Task requirements: All lines below must be repeated exactly, with the pictures omitted.

Extracted information:
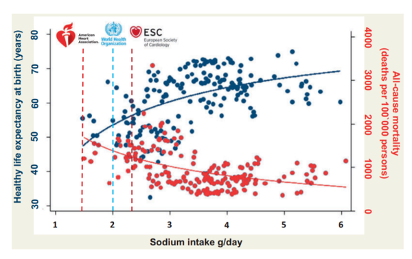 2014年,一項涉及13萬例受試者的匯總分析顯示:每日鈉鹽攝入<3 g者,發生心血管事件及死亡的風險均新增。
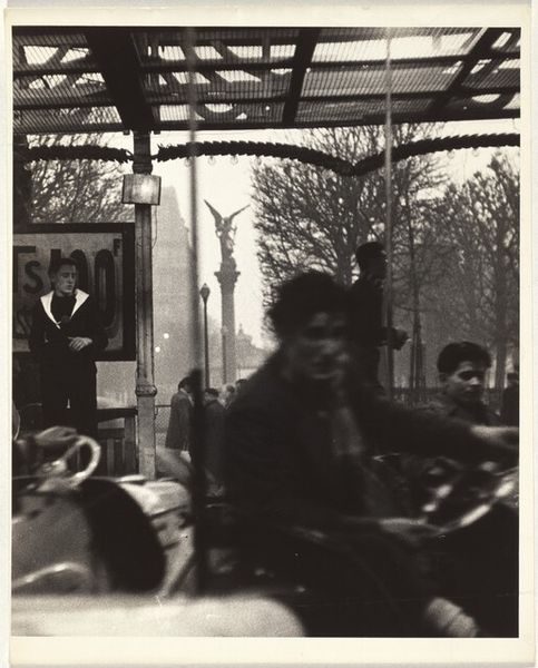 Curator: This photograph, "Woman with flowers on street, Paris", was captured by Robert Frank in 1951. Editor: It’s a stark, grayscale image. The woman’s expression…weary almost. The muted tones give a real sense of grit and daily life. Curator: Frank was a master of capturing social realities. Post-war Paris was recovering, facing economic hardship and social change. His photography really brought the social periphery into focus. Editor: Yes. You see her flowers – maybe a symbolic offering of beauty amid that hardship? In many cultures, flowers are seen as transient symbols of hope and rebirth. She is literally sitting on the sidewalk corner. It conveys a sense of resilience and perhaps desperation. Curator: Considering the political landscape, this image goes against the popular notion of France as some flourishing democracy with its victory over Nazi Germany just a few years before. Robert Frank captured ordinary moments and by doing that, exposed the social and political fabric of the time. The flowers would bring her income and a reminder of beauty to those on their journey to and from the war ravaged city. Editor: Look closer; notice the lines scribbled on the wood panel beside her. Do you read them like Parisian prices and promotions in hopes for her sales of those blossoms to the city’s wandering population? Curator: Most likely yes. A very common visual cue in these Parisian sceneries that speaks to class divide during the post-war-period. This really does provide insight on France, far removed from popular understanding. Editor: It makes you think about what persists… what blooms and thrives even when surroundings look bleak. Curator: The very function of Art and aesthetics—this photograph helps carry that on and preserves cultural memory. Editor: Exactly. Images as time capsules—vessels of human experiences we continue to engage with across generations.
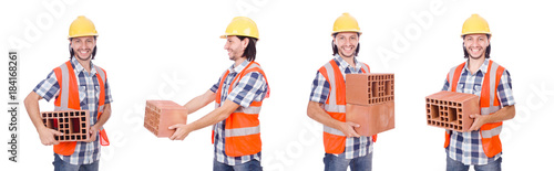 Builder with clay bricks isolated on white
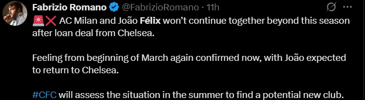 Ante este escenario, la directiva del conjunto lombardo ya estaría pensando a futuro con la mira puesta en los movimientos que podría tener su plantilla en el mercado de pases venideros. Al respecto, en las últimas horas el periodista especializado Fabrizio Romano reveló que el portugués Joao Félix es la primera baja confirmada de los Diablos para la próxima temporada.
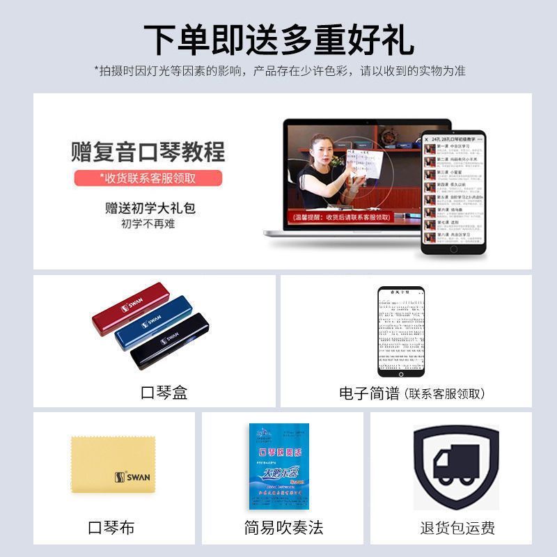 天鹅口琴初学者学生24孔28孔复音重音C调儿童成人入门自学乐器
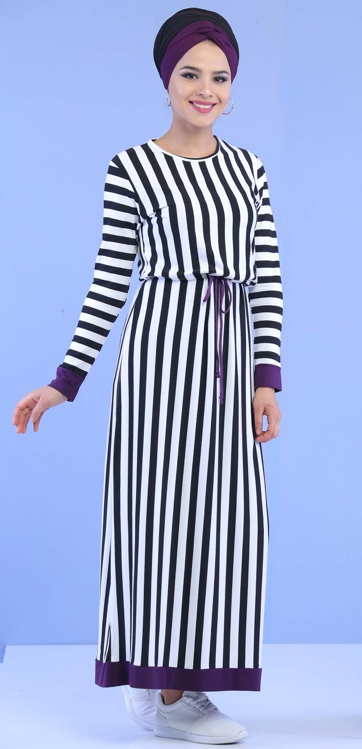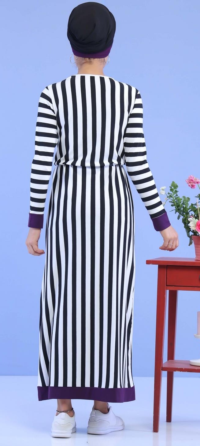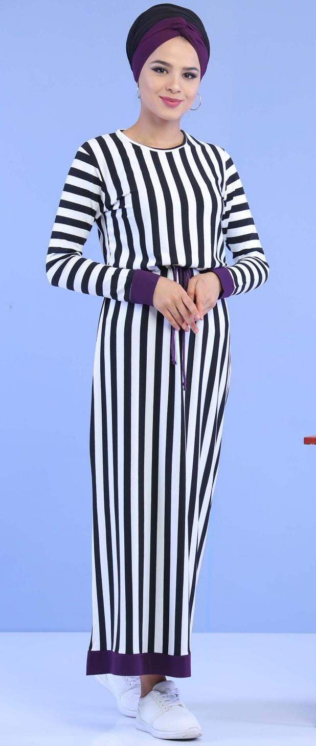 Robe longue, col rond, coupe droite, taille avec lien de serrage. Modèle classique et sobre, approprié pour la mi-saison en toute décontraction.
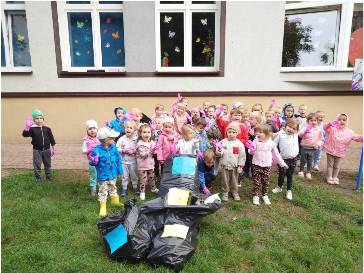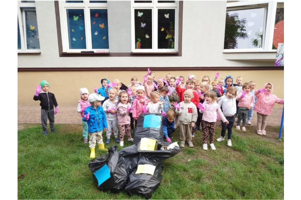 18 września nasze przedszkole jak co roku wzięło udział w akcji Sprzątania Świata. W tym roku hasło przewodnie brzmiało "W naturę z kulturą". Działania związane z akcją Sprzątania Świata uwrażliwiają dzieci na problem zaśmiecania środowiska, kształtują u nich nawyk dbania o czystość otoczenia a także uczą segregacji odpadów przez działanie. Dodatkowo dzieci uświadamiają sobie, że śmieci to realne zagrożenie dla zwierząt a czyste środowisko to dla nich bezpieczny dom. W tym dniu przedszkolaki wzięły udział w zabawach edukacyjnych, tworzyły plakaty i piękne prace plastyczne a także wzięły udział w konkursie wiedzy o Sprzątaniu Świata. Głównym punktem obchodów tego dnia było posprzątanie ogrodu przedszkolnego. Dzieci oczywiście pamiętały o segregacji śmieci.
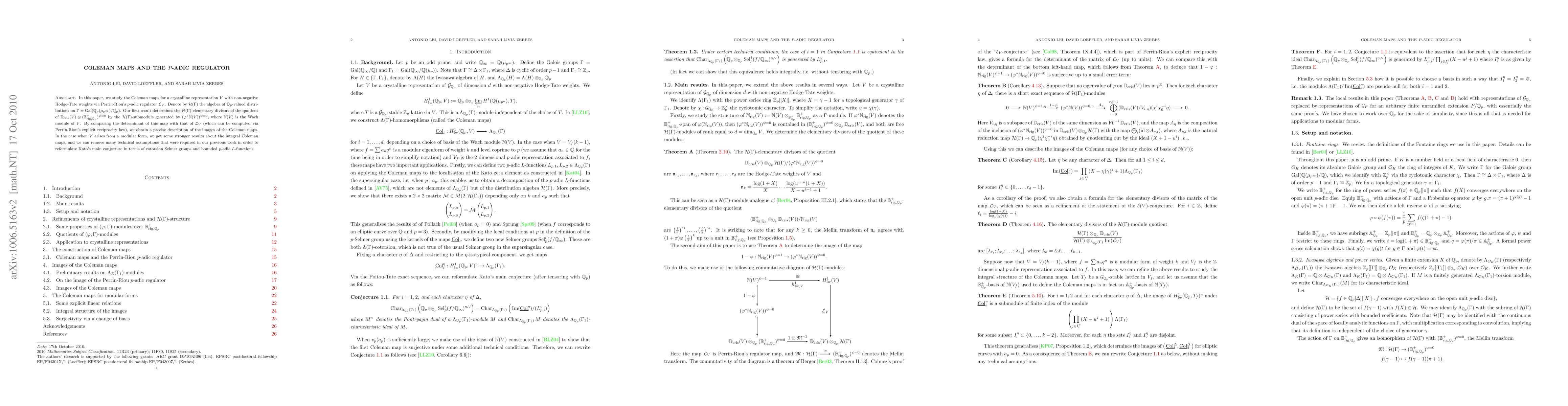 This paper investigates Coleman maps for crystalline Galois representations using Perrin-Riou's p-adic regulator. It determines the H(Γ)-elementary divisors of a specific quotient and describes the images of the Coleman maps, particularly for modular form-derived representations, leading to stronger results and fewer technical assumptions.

Solution for this task:
 2014年,一項涉及13萬例受試者的匯總分析顯示:每日鈉鹽攝入<3 g者,發生心血管事件及死亡的風險均新增。
 Curator: This photograph, "Woman with flowers on street, Paris", was captured by Robert Frank in 1951. Editor: It’s a stark, grayscale image. The woman’s expression…weary almost. The muted tones give a real sense of grit and daily life. Curator: Frank was a master of capturing social realities. Post-war Paris was recovering, facing economic hardship and social change. His photography really brought the social periphery into focus. Editor: Yes. You see her flowers – maybe a symbolic offering of beauty amid that hardship? In many cultures, flowers are seen as transient symbols of hope and rebirth. She is literally sitting on the sidewalk corner. It conveys a sense of resilience and perhaps desperation. Curator: Considering the political landscape, this image goes against the popular notion of France as some flourishing democracy with its victory over Nazi Germany just a few years before. Robert Frank captured ordinary moments and by doing that, exposed the social and political fabric of the time. The flowers would bring her income and a reminder of beauty to those on their journey to and from the war ravaged city. Editor: Look closer; notice the lines scribbled on the wood panel beside her. Do you read them like Parisian prices and promotions in hopes for her sales of those blossoms to the city’s wandering population? Curator: Most likely yes. A very common visual cue in these Parisian sceneries that speaks to class divide during the post-war-period. This really does provide insight on France, far removed from popular understanding. Editor: It makes you think about what persists… what blooms and thrives even when surroundings look bleak. Curator: The very function of Art and aesthetics—this photograph helps carry that on and preserves cultural memory. Editor: Exactly. Images as time capsules—vessels of human experiences we continue to engage with across generations.
 Builder with clay bricks isolated on white
 Ante este escenario, la directiva del conjunto lombardo ya estaría pensando a futuro con la mira puesta en los movimientos que podría tener su plantilla en el mercado de pases venideros. Al respecto, en las últimas horas el periodista especializado Fabrizio Romano reveló que el portugués Joao Félix es la primera baja confirmada de los Diablos para la próxima temporada.
 天鹅口琴初学者学生24孔28孔复音重音C调儿童成人入门自学乐器
 Robe longue, col rond, coupe droite, taille avec lien de serrage. Modèle classique et sobre, approprié pour la mi-saison en toute décontraction.
 18 września nasze przedszkole jak co roku wzięło udział w akcji Sprzątania Świata. W tym roku hasło przewodnie brzmiało "W naturę z kulturą". Działania związane z akcją Sprzątania Świata uwrażliwiają dzieci na problem zaśmiecania środowiska, kształtują u nich nawyk dbania o czystość otoczenia a także uczą segregacji odpadów przez działanie. Dodatkowo dzieci uświadamiają sobie, że śmieci to realne zagrożenie dla zwierząt a czyste środowisko to dla nich bezpieczny dom. W tym dniu przedszkolaki wzięły udział w zabawach edukacyjnych, tworzyły plakaty i piękne prace plastyczne a także wzięły udział w konkursie wiedzy o Sprzątaniu Świata. Głównym punktem obchodów tego dnia było posprzątanie ogrodu przedszkolnego. Dzieci oczywiście pamiętały o segregacji śmieci.
 This paper investigates Coleman maps for crystalline Galois representations using Perrin-Riou's p-adic regulator. It determines the H(Γ)-elementary divisors of a specific quotient and describes the images of the Coleman maps, particularly for modular form-derived representations, leading to stronger results and fewer technical assumptions.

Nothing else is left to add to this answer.